Encodings for common timestamp intervals at maximum precision
interval frequency scale value combined
16 s  0.06 Hz  0x1f 0x7ff 0xffff
1 s  1 Hz  0x1c 0x400 0xe400
0.5 s  2 Hz  0x1b 0x400 0xdc00
100 ms 10 Hz  0x18 0x666 0xc666
10 ms 100 Hz  0x15 0x51f 0xad1f
4 ms 250 Hz  0x14 0x419 0xa419
1 ms 1 kHz 0x12 0x418 0x9418
200 us 5 kHz 0x0f 0x68e 0x7e8e
50 us 20 kHz 0x0d 0x68e 0x6e8e
1 us 1 MHz 0x08 0x432 0x4432
60 ns 16.7 MHz 0x04 0x407 0x2407
none  -------- 0x00 0x000 0x0000

3.3. Timestamp Interval experimental TCP option

This section specifies an experimental TCP option, using arbitrarily chosen magic numbers as described in [I-D.ietf-tcpm-experimental-options], for exporting timestamp intervals. This option MAY appear in any TCP segment after the SYN segment to advertise the sender's timestamp interval, encoded as in Section 3.2 above. If the receiver uses timestamp interval information, it stores the interval for the duration of the connection, or until a subsequent Timestamp Interval option is received.

If a sender has previously sent a timestamp interval to a receiver, and changes the timestamp interval on the connection, it MUST send a new Timestamp Interval option.

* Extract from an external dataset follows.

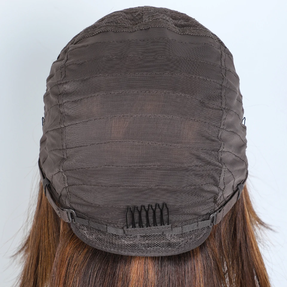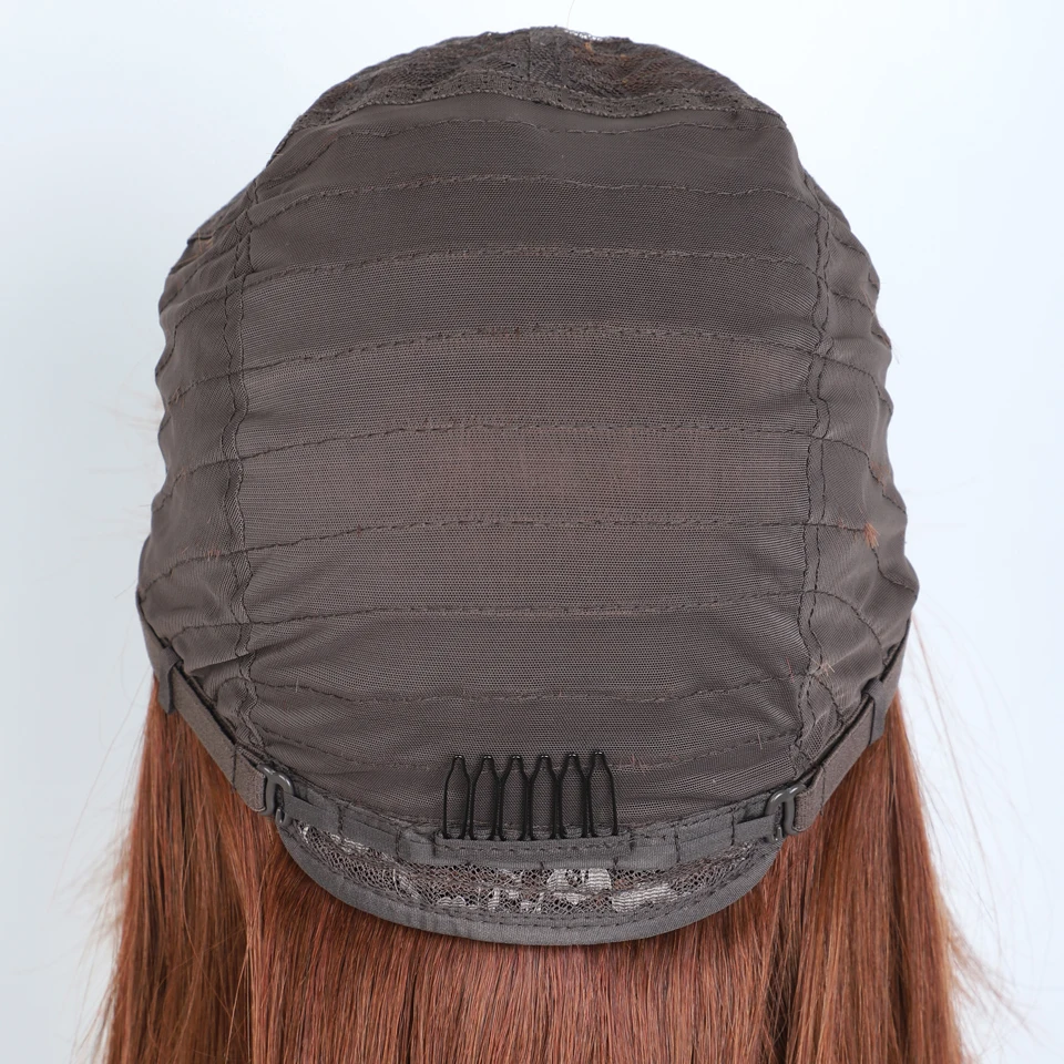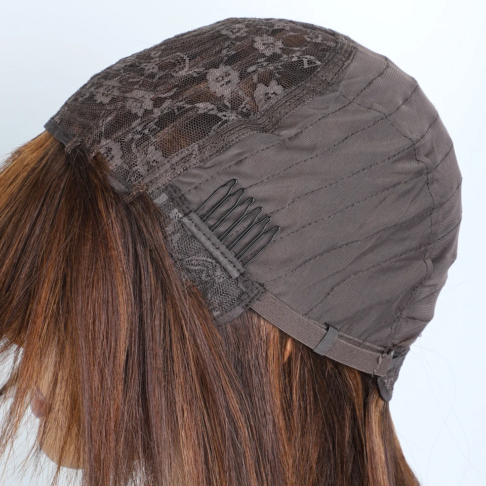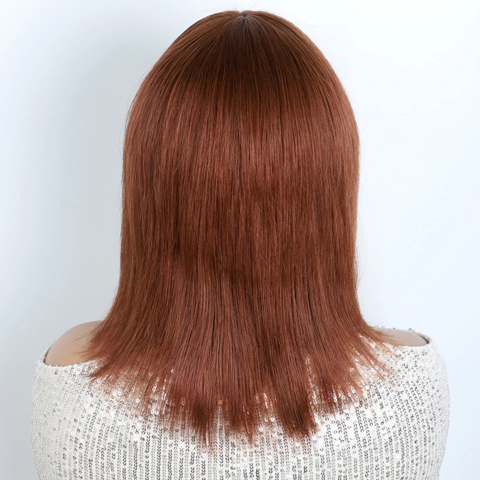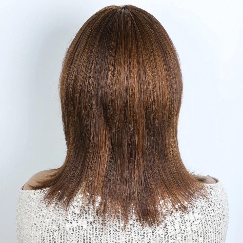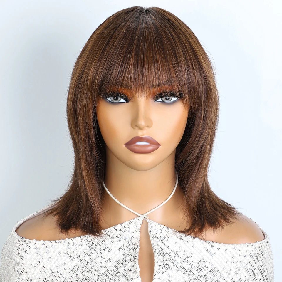 Lekker Glueless Short Brown Wolf Cut Straight Bob Human Hair Wigs With Bangs For Women Brazilian Remy Hair Ready to Wear Bob Wig

This option MUST NOT appear in a segment in which a TCP Timestamp option is also not present.

+-+-+-+-+-+-+-+-+-+-+-+-+-+-+-+-+-+-+-+-+-+-+-+-+-+-+-+-+-+-+-+-+
|   Kind = 253  |  Length = 8   |       magic0 = 0x75ec         |
+-+-+-+-+-+-+-+-+-+-+-+-+-+-+-+-+-+-+-+-+-+-+-+-+-+-+-+-+-+-+-+-+
|        magic1 = 0xffee        |   encoded advertised interval |
+-+-+-+-+-+-+-+-+-+-+-+-+-+-+-+-+-+-+-+-+-+-+-+-+-+-+-+-+-+-+-+-+

Figure 2: Structure of Timestamp Interval Experimental TCP option for interval export

[FIXME: specify how long after an advertisement of a new or changed interval the interval must be valid for the connection.]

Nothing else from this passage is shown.